When Im home, and Im feeling frustrated, which is rarely, because life seems better when Im home in Chelsea. Even better when Im in Paris, but still, it happens at times. I like to fill up our bathtub, it's nice and big, and round, and very wonderful with hot water, and spend hours in there. I'll refill it with hot, and let the cold out. I use my mum's good bath oil, the fancy stuff from Paris that Gabi sends, and it's heaven on earth. I wish I had a big bath tub right now, and some fancy bath oil because who doesn't want a marathon bath with hot water and fancy bath oil? I do.

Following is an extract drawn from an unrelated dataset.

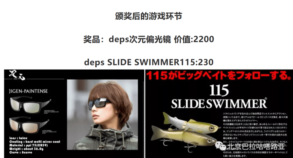本次比赛邀请是deps公司职业釣手top staff前田 纯先生,共同来参与本次活动与大家互动,前田 纯在世界记录钓鲈鱼的琵琶湖做了20多年的导钓。现在也活跃在第一线。凭着连续不断的大鲈鱼钓获,有很多钓鲈爱好者不断的预约他来导游。现在也很难预约到的琵琶湖顶级职业导游。
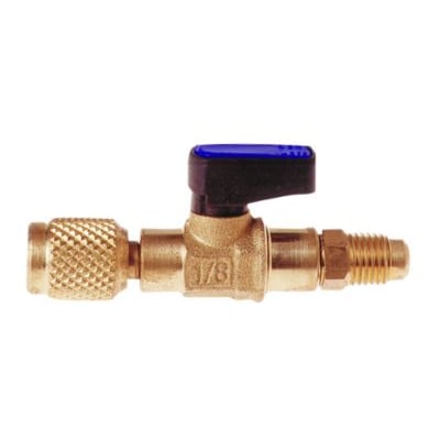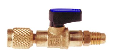 Kugleventil til fyldeslange med gummipakning og ventiludløser.

I'm sewing tonight, I've been sewing all weekend really when I should be working on a Charms essay. It's a new dress, black, it's always black. I cut the sleeves off, and shortened it about five inches. I'm going to dip dye it, and hope it turns out gray, and black and swirly. It's so good to sew, I love to sew. By hand, it can be tedious, but with a machine, it's fast, and precise. I have to hand sew here since we can't use electricity, and that just puts a thorn in my side at times. When Im done with this dress, I'll start on the necklace with the bits of charms and chains I have. I need to keep busy so I don't go into some kind of homework related shock.
My cat is wearing a jumper vest. I knitted it for him, and I think by the looks of his furry little face, he hates it. Maybe he hates wearing clothes, maybe he hates navy and white. I don't know. He looks so adorable, I feel badly for wanting to keep him in it.
I really, really, really, really, want a fag right at this moment. It's far too late to sneak out.